I loved spelling. It was ordered and rote and made sense to me even when it did not. Bough, ought, caught.

I was indignant when anyone else won. I felt spelling bees were my calling. I took the used workbooks home, the ones I’d completed week after week during the school year.

I could start off by saying I was a shy kid and I liked books more than people and my dad was a rough oilfield man and blah blah blah, woe is me, and now I’m a writer and everything is all better.

The reality is I was shy and I’m not sure why, because inside I felt I could soar as high as the sky if only someone would pay attention to me.

Like in the sixth grade I could stand in my back yard and make fifty straight free throws, but I was barely five feet tall and my feet were already bigger than my dad’s and I didn’t move around very well. Which is why on the playground no one passed the basketball to me and when they finally did I was so surprised I didn’t know what to do with it. Six years later I would make fifteen three-pointers in a single game on the way to 51 total points, but obviously in the sixth grade no one knew that.

On many sunset evenings I would run pass patterns in the front yard and my dad would throw the football to me over and over until I never let it hit the ground. “If you can touch it you can catch it,” he would say. But at school I was short and slow on my clown feet and no one would throw me the ball. The only time they did I scored a touchdown, but somehow no one ever remembered that.

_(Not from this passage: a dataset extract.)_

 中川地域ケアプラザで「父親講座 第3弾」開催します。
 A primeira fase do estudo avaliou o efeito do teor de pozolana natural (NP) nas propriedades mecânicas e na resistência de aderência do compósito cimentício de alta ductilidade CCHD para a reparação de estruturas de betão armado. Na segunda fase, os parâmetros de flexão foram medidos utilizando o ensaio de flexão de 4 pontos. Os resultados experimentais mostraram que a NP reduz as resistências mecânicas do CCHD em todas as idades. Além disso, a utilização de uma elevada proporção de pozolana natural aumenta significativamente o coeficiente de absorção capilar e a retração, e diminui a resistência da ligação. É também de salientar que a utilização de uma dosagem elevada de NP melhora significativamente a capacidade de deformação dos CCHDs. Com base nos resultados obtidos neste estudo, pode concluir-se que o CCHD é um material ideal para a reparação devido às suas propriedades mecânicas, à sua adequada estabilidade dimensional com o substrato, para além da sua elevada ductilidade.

If I had known it was possible I would have sold my soul to be Keith. Keith was the fastest human in our school and possibly the entire city of elementary schools, and like Superman he could score a touchdown every time he touched the ball. He could pour shots into the hoop like Magic Johnson. He could destroy you in kickball, in foursquare, in anything. All I wanted in the world was to be like him.

The situation was different in the classroom. In there I was dominant, or rather co-dominant along with my friend Kevin. It didn’t matter what subject it was, the two of us always finished projects first and tests first and read the assigned chapter first and then sat around wondering what was taking everyone else so long. If there had been teams to pick, we would have been captains, and if there had been a ball to hog, it would have been ours. If you scored lower than the 99th percentile in any subject on the CAT test, you melted from the scorching shame.

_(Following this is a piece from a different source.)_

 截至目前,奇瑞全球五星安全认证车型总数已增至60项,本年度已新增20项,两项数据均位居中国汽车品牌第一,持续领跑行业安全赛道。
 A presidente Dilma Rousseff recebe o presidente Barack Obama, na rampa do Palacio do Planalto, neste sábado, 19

I wanted to believe I had a leg up on Kevin because we made the same grades but I was more social than him. Or not so much social as wanted to be social. I was shy but I didn’t want to be shy. Kevin was a vastly different animal. He didn’t listen to music. He didn’t like girls. I had a huge crush on this girl named Gigi ever since I saw her on the cafeteria stage dancing to Billy Joel. She had brown hair and green eyes and put her hands on her side-thrust hips when she talked to you. She had attitude. I knew she wanted to go around with me but that attitude was intimidating so I never asked her. Still, I talked to her every day while Kevin read the extra credit chapter. When I asked him why didn’t he listen to music or talk to girls, he would say, “A Jedi craves not these things.”

As much as I wanted it, I knew I didn’t really have a leg up on Kevin. He was just as smart as me. For that matter, Keith’s grades were almost as good as ours. And even though we were all close friends, along with Jason and Butch and plenty of others in the neighborhood, there was an unspoken pecking order. Keith, being both smart and athletic, was unquestionably at the top. Jason lived in Country Club so he had votes for second place, as did Butch, who was friends with all the girls and whose parents were cool enough to own a Datsun 280ZX. Kevin and I were a bit lower, but to be honest everything below Keith was kind of hazy, and one big victory could propel any of us skyward. And finally in the middle of the sixth grade I found my chance: the Spelling Bee.

One of my mom’s favorite stories is how I took to reading at an early age. I was prone to picking up books and trying to figure out what they meant and learned my ABCs when I was three. By the time I started kindergarten I was already reading, or so the story goes, and my mom always gets a twinkle in her eye when she tells that part.

So it was understood by everyone in our class that I would win the school Spelling Bee. It wasn’t in doubt. The bigger question was if I would win the city and regional competitions and go onto the national finals. I was that good.

Every afternoon, in the days leading up to the Bee, my mom picked up Words of the Champions and grilled me for hours. We spent little time with the first round words because I could spell those in my sleep. The grunt work was in the second round words, and third round words were for heavy lifters. School Bees, we understood, rarely made it to the third round words, but we studied them anyway. The word we loved the most was dirigisme, which I’ve never forgotten how to spell, though I never knew what it meant until just this year.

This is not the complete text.